The ultrafast structural response of solid parahydrogen: A complementary experimental/simulation investigation

Abstract

We present a complete characterization, based on femtosecond pump-probe spectroscopy and molecular dynamics simulations, of the ultrafast dynamics of electronic bubble formation in solid parahydrogen upon impulsive excitation of impurity-doped sites, which correlate with the lowest Rydberg state of the NO impurity. The high temporal resolution of the experiment allows us to identify three time scales in the structural dynamics. A first ultrafast expansion (<150 fs), associated with the release of approximately 80% of the excess energy available to the system after excitation, is accompanied by a transient narrowing of the spatial distribution of the first shell of H2 molecules around the impurity. In a subsequent stage (up to approximately 800 fs), the cavity expansion slows down, and energy starts to flow irreversibly into the crystal.

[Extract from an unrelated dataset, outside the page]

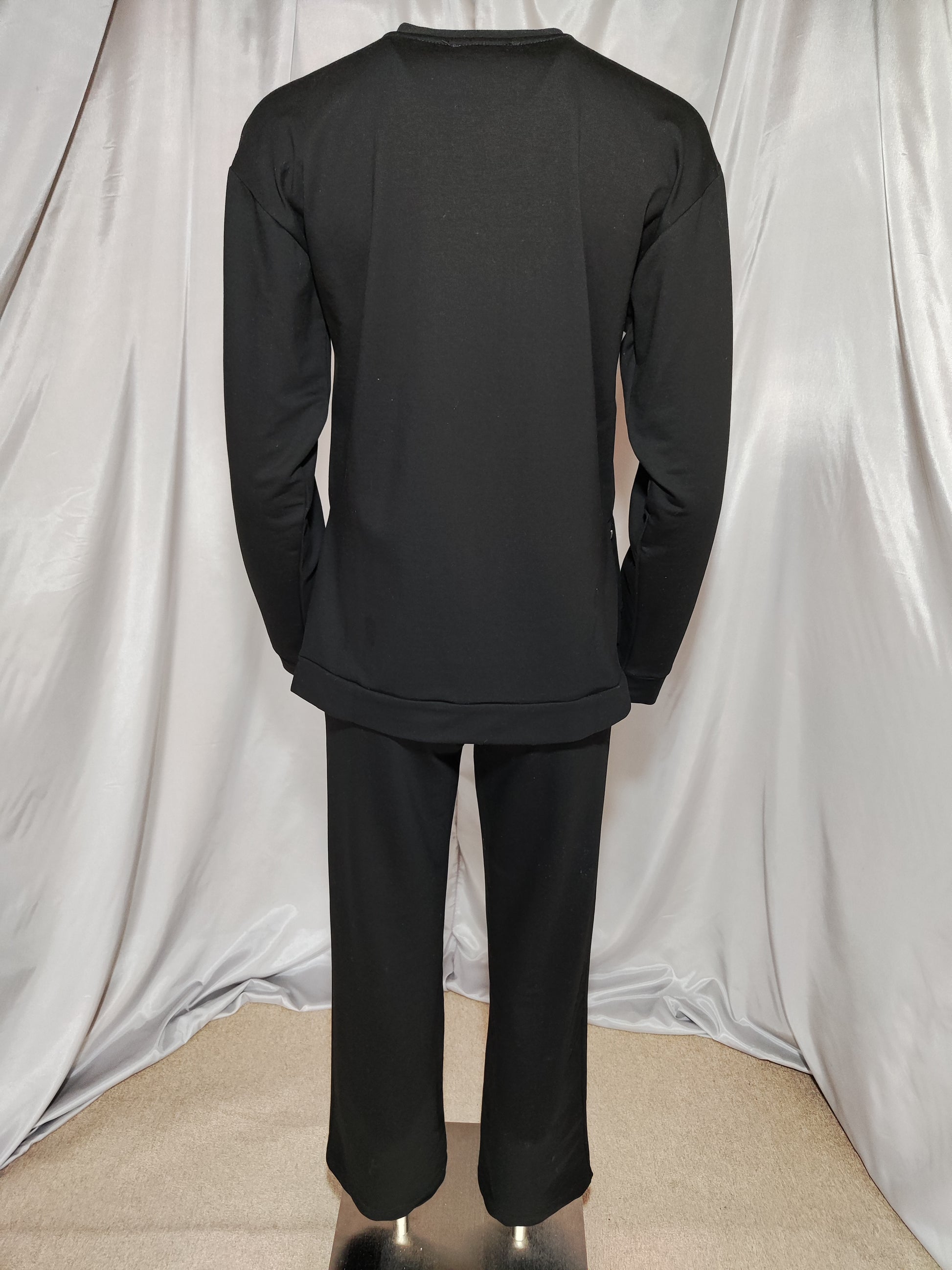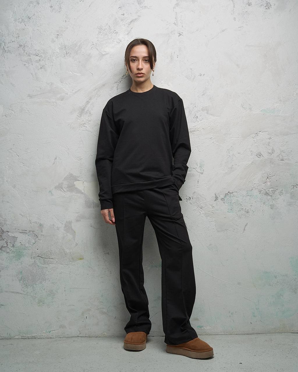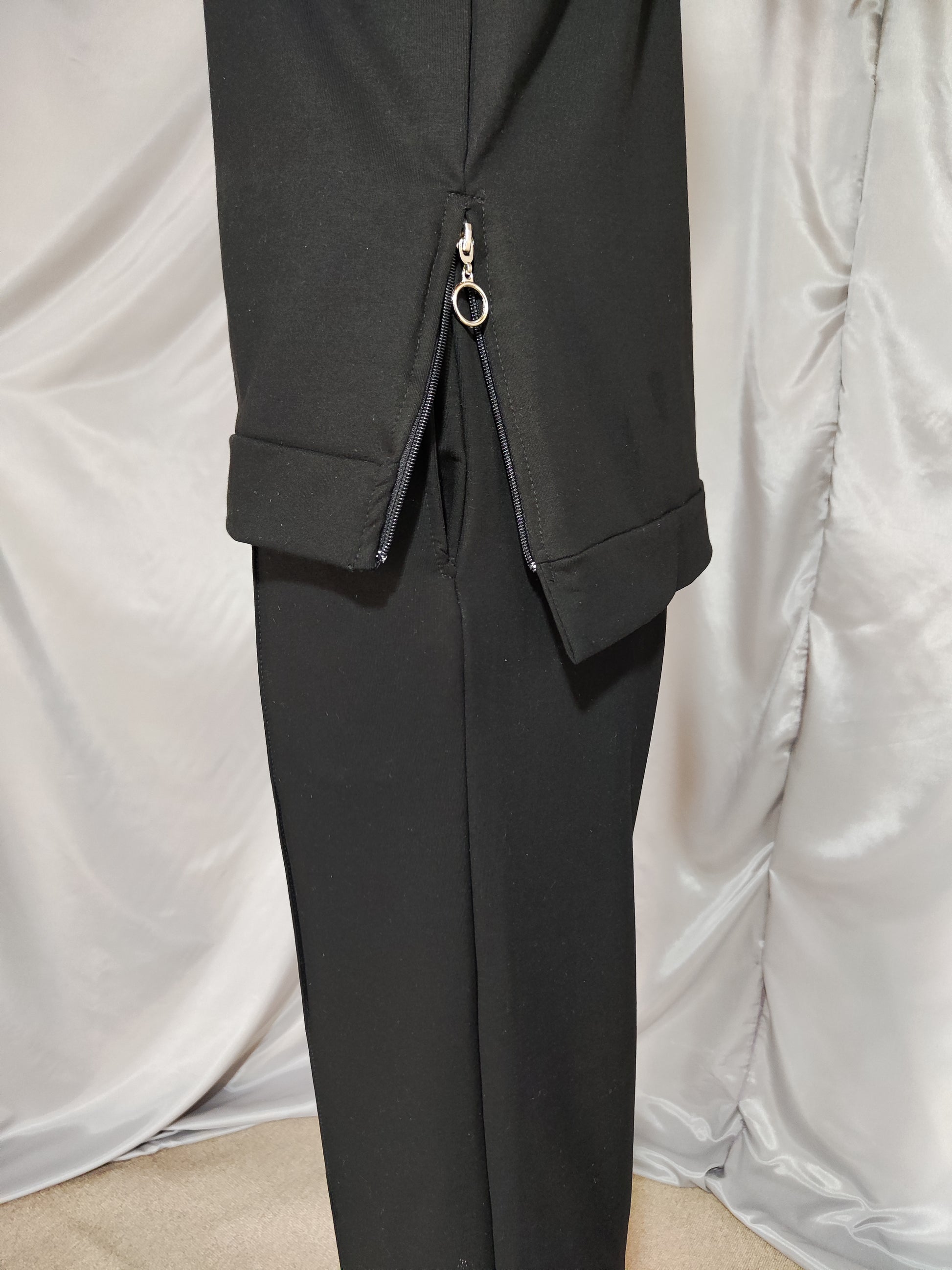 Donji dio hlača ima elastični pojas i bočne džepove. Nogavice su ravne, a po sredini je ušiven dekorativni šav koji naglašava liniju hlača.

Finally, the lattice undergoes a slow structural reorganization at the impurity site (5-10 ps). A weak low-frequency recurrence, probably associated with an elastic response of the crystal, is observed at approximately 10 ps. The absence of polarization dependence indicates that the dynamics is largely dominated by translational (radial) motions of the molecules surrounding NO and not by the rotational motion of the impurity. Molecular dynamics simulations with temperature corrections, to mimic zero-point fluctuations, fully support the experimental results and show that the bubble model is suited to describe the dynamics of the system. It appears that the response of the medium around the impurity at short times is typical of a liquid solvent rather than that of a solid.